[WHAT TO PRODUCE]:
Output the listing below exactly, minus its images.
** MATERIAL SHOWN follows **
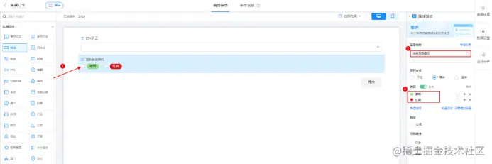 拖拽“单选”组件到画布上。在右侧的属性中,修改名称为“每日打卡状态”,设置两个选项的名称分别为“已打卡”、“未打卡”,“点击”下图位置4(将状态默认值设置为未打卡,右侧圈圈)。
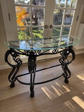 Antique Half Round Metal Glass Console Table Black Scrollwork Entryway Indoor
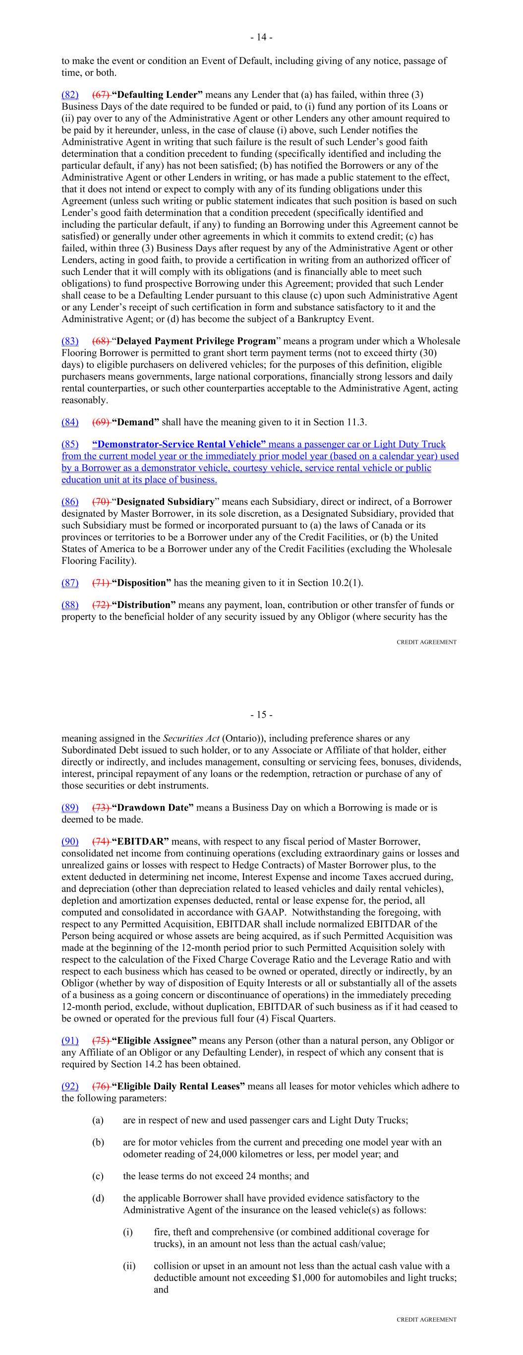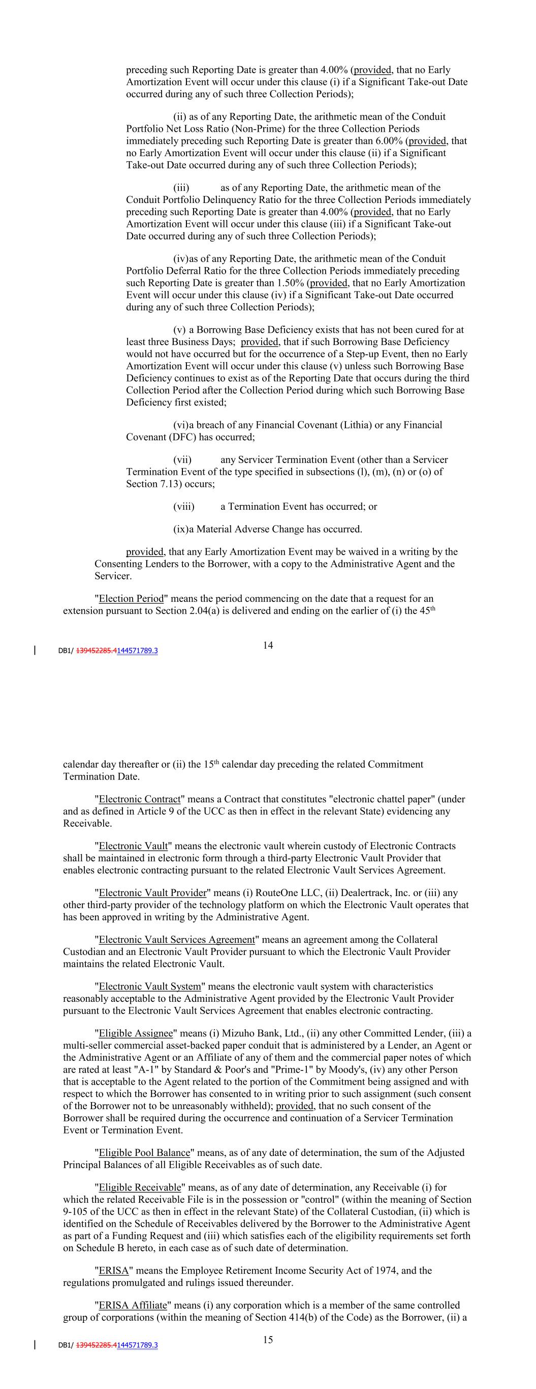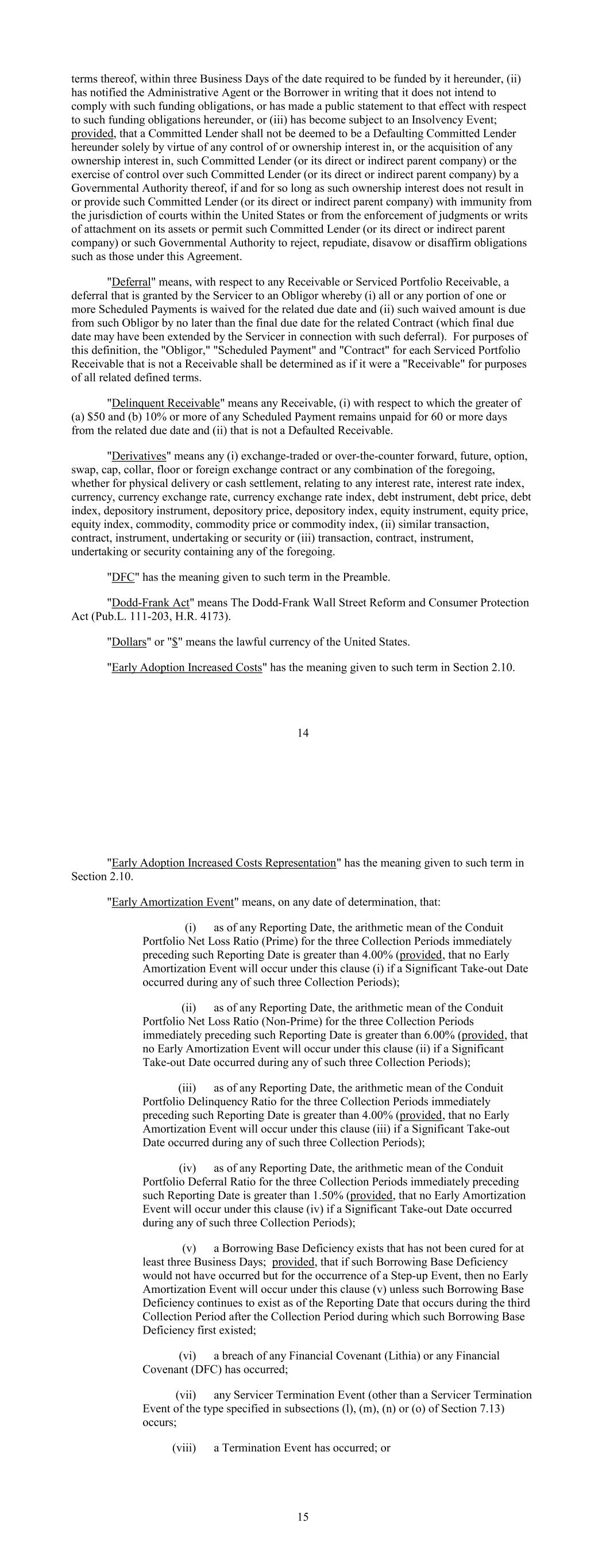 terms thereof, within three Business Days of the date required to be funded by it hereunder, (ii) has notified the Administrative Agent or the Borrower in writing that it does not intend to comply with such funding obligations, or has made a public statement to that effect with respect to such funding obligations hereunder, or (iii) has become subject to an Insolvency Event; provided, that a Committed Lender shall not be deemed to be a Defaulting Committed Lender hereunder solely by virtue of any control of or ownership interest in, or the acquisition of any ownership interest in, such Committed Lender (or its direct or indirect parent company) or the exercise of control over such Committed Lender (or its direct or indirect parent company) by a Governmental Authority thereof, if and for so long as such ownership interest does not result in or provide such Committed Lender (or its direct or indirect parent company) with immunity from the jurisdiction of courts within the United States or from the enforcement of judgments or writs of attachment on its assets or permit such Committed Lender (or its direct or indirect parent company) or such Governmental Authority to reject, repudiate, disavow or disaffirm obligations such as those under this Agreement. "Deferral" means, with respect to any Receivable or Serviced Portfolio Receivable, a deferral that is granted by the Servicer to an Obligor whereby (i) all or any portion of one or more Scheduled Payments is waived for the related due date and (ii) such waived amount is due from such Obligor by no later than the final due date for the related Contract (which final due date may have been extended by the Servicer in connection with such deferral). For purposes of this definition, the "Obligor," "Scheduled Payment" and "Contract" for each Serviced Portfolio Receivable that is not a Receivable shall be determined as if it were a "Receivable" for purposes of all related defined terms. "Delinquent Receivable" means any Receivable, (i) with respect to which the greater of (a) $50 and (b) 10% or more of any Scheduled Payment remains unpaid for 60 or more days from the related due date and (ii) that is not a Defaulted Receivable. "Derivatives" means any (i) exchange-traded or over-the-counter forward, future, option, swap, cap, collar, floor or foreign exchange contract or any combination of the foregoing, whether for physical delivery or cash settlement, relating to any interest rate, interest rate index, currency, currency exchange rate, currency exchange rate index, debt instrument, debt price, debt index, depository instrument, depository price, depository index, equity instrument, equity price, equity index, commodity, commodity price or commodity index, (ii) similar transaction, contract, instrument, undertaking or security or (iii) transaction, contract, instrument, undertaking or security containing any of the foregoing. "DFC" has the meaning given to such term in the Preamble. "Dodd-Frank Act" means The Dodd-Frank Wall Street Reform and Consumer Protection Act (Pub.L. 111-203, H.R. 4173). "Dollars" or "$" means the lawful currency of the United States. "Early Adoption Increased Costs" has the meaning given to such term in Section 2.10. 14 "Early Adoption Increased Costs Representation" has the meaning given to such term in Section 2.10. "Early Amortization Event" means, on any date of determination, that: (i) as of any Reporting Date, the arithmetic mean of the Conduit Portfolio Net Loss Ratio (Prime) for the three Collection Periods immediately preceding such Reporting Date is greater than 4.00% (provided, that no Early Amortization Event will occur under this clause (i) if a Significant Take-out Date occurred during any of such three Collection Periods); (ii) as of any Reporting Date, the arithmetic mean of the Conduit Portfolio Net Loss Ratio (Non-Prime) for the three Collection Periods immediately preceding such Reporting Date is greater than 6.00% (provided, that no Early Amortization Event will occur under this clause (ii) if a Significant Take-out Date occurred during any of such three Collection Periods); (iii) as of any Reporting Date, the arithmetic mean of the Conduit Portfolio Delinquency Ratio for the three Collection Periods immediately preceding such Reporting Date is greater than 4.00% (provided, that no Early Amortization Event will occur under this clause (iii) if a Significant Take-out Date occurred during any of such three Collection Periods); (iv) as of any Reporting Date, the arithmetic mean of the Conduit Portfolio Deferral Ratio for the three Collection Periods immediately preceding such Reporting Date is greater than 1.50% (provided, that no Early Amortization Event will occur under this clause (iv) if a Significant Take-out Date occurred during any of such three Collection Periods); (v) a Borrowing Base Deficiency exists that has not been cured for at least three Business Days; provided, that if such Borrowing Base Deficiency would not have occurred but for the occurrence of a Step-up Event, then no Early Amortization Event will occur under this clause (v) unless such Borrowing Base Deficiency continues to exist as of the Reporting Date that occurs during the third Collection Period after the Collection Period during which such Borrowing Base Deficiency first existed; (vi) a breach of any Financial Covenant (Lithia) or any Financial Covenant (DFC) has occurred; (vii) any Servicer Termination Event (other than a Servicer Termination Event of the type specified in subsections (l), (m), (n) or (o) of Section 7.13) occurs; (viii) a Termination Event has occurred; or 15
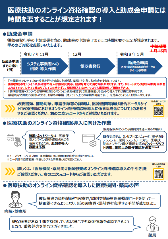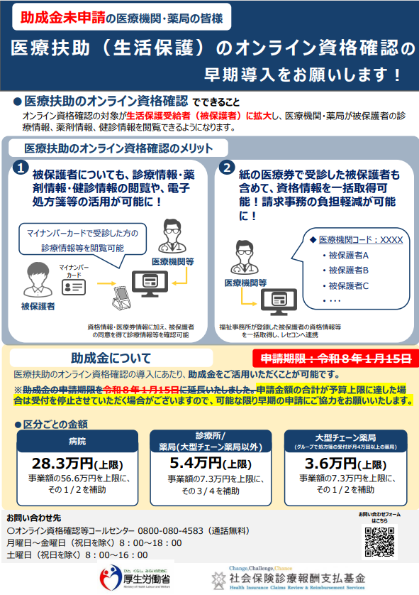 医療扶助のオンライン資格確認の運用効率化や適正化を進め、導入が遅れている医療機関等に対しても周知・広報を継続的に行いました。
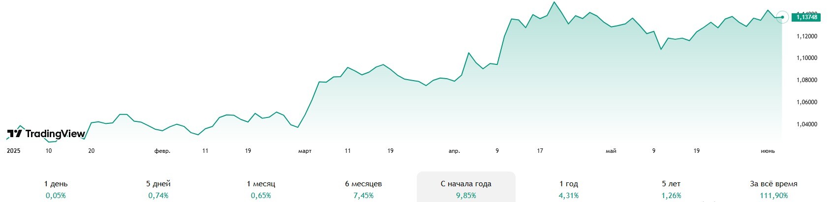 И, кстати, евро уже вырос почти на 10% по отношению к доллару в этом году.
** End of MATERIAL SHOWN **
[PROBLEM SOLUTION]:
 拖拽“单选”组件到画布上。在右侧的属性中,修改名称为“每日打卡状态”,设置两个选项的名称分别为“已打卡”、“未打卡”,“点击”下图位置4(将状态默认值设置为未打卡,右侧圈圈)。
 Antique Half Round Metal Glass Console Table Black Scrollwork Entryway Indoor
 terms thereof, within three Business Days of the date required to be funded by it hereunder, (ii) has notified the Administrative Agent or the Borrower in writing that it does not intend to comply with such funding obligations, or has made a public statement to that effect with respect to such funding obligations hereunder, or (iii) has become subject to an Insolvency Event; provided, that a Committed Lender shall not be deemed to be a Defaulting Committed Lender hereunder solely by virtue of any control of or ownership interest in, or the acquisition of any ownership interest in, such Committed Lender (or its direct or indirect parent company) or the exercise of control over such Committed Lender (or its direct or indirect parent company) by a Governmental Authority thereof, if and for so long as such ownership interest does not result in or provide such Committed Lender (or its direct or indirect parent company) with immunity from the jurisdiction of courts within the United States or from the enforcement of judgments or writs of attachment on its assets or permit such Committed Lender (or its direct or indirect parent company) or such Governmental Authority to reject, repudiate, disavow or disaffirm obligations such as those under this Agreement. "Deferral" means, with respect to any Receivable or Serviced Portfolio Receivable, a deferral that is granted by the Servicer to an Obligor whereby (i) all or any portion of one or more Scheduled Payments is waived for the related due date and (ii) such waived amount is due from such Obligor by no later than the final due date for the related Contract (which final due date may have been extended by the Servicer in connection with such deferral). For purposes of this definition, the "Obligor," "Scheduled Payment" and "Contract" for each Serviced Portfolio Receivable that is not a Receivable shall be determined as if it were a "Receivable" for purposes of all related defined terms. "Delinquent Receivable" means any Receivable, (i) with respect to which the greater of (a) $50 and (b) 10% or more of any Scheduled Payment remains unpaid for 60 or more days from the related due date and (ii) that is not a Defaulted Receivable. "Derivatives" means any (i) exchange-traded or over-the-counter forward, future, option, swap, cap, collar, floor or foreign exchange contract or any combination of the foregoing, whether for physical delivery or cash settlement, relating to any interest rate, interest rate index, currency, currency exchange rate, currency exchange rate index, debt instrument, debt price, debt index, depository instrument, depository price, depository index, equity instrument, equity price, equity index, commodity, commodity price or commodity index, (ii) similar transaction, contract, instrument, undertaking or security or (iii) transaction, contract, instrument, undertaking or security containing any of the foregoing. "DFC" has the meaning given to such term in the Preamble. "Dodd-Frank Act" means The Dodd-Frank Wall Street Reform and Consumer Protection Act (Pub.L. 111-203, H.R. 4173). "Dollars" or "$" means the lawful currency of the United States. "Early Adoption Increased Costs" has the meaning given to such term in Section 2.10. 14 "Early Adoption Increased Costs Representation" has the meaning given to such term in Section 2.10. "Early Amortization Event" means, on any date of determination, that: (i) as of any Reporting Date, the arithmetic mean of the Conduit Portfolio Net Loss Ratio (Prime) for the three Collection Periods immediately preceding such Reporting Date is greater than 4.00% (provided, that no Early Amortization Event will occur under this clause (i) if a Significant Take-out Date occurred during any of such three Collection Periods); (ii) as of any Reporting Date, the arithmetic mean of the Conduit Portfolio Net Loss Ratio (Non-Prime) for the three Collection Periods immediately preceding such Reporting Date is greater than 6.00% (provided, that no Early Amortization Event will occur under this clause (ii) if a Significant Take-out Date occurred during any of such three Collection Periods); (iii) as of any Reporting Date, the arithmetic mean of the Conduit Portfolio Delinquency Ratio for the three Collection Periods immediately preceding such Reporting Date is greater than 4.00% (provided, that no Early Amortization Event will occur under this clause (iii) if a Significant Take-out Date occurred during any of such three Collection Periods); (iv) as of any Reporting Date, the arithmetic mean of the Conduit Portfolio Deferral Ratio for the three Collection Periods immediately preceding such Reporting Date is greater than 1.50% (provided, that no Early Amortization Event will occur under this clause (iv) if a Significant Take-out Date occurred during any of such three Collection Periods); (v) a Borrowing Base Deficiency exists that has not been cured for at least three Business Days; provided, that if such Borrowing Base Deficiency would not have occurred but for the occurrence of a Step-up Event, then no Early Amortization Event will occur under this clause (v) unless such Borrowing Base Deficiency continues to exist as of the Reporting Date that occurs during the third Collection Period after the Collection Period during which such Borrowing Base Deficiency first existed; (vi) a breach of any Financial Covenant (Lithia) or any Financial Covenant (DFC) has occurred; (vii) any Servicer Termination Event (other than a Servicer Termination Event of the type specified in subsections (l), (m), (n) or (o) of Section 7.13) occurs; (viii) a Termination Event has occurred; or 15
 医療扶助のオンライン資格確認の運用効率化や適正化を進め、導入が遅れている医療機関等に対しても周知・広報を継続的に行いました。
 И, кстати, евро уже вырос почти на 10% по отношению к доллару в этом году.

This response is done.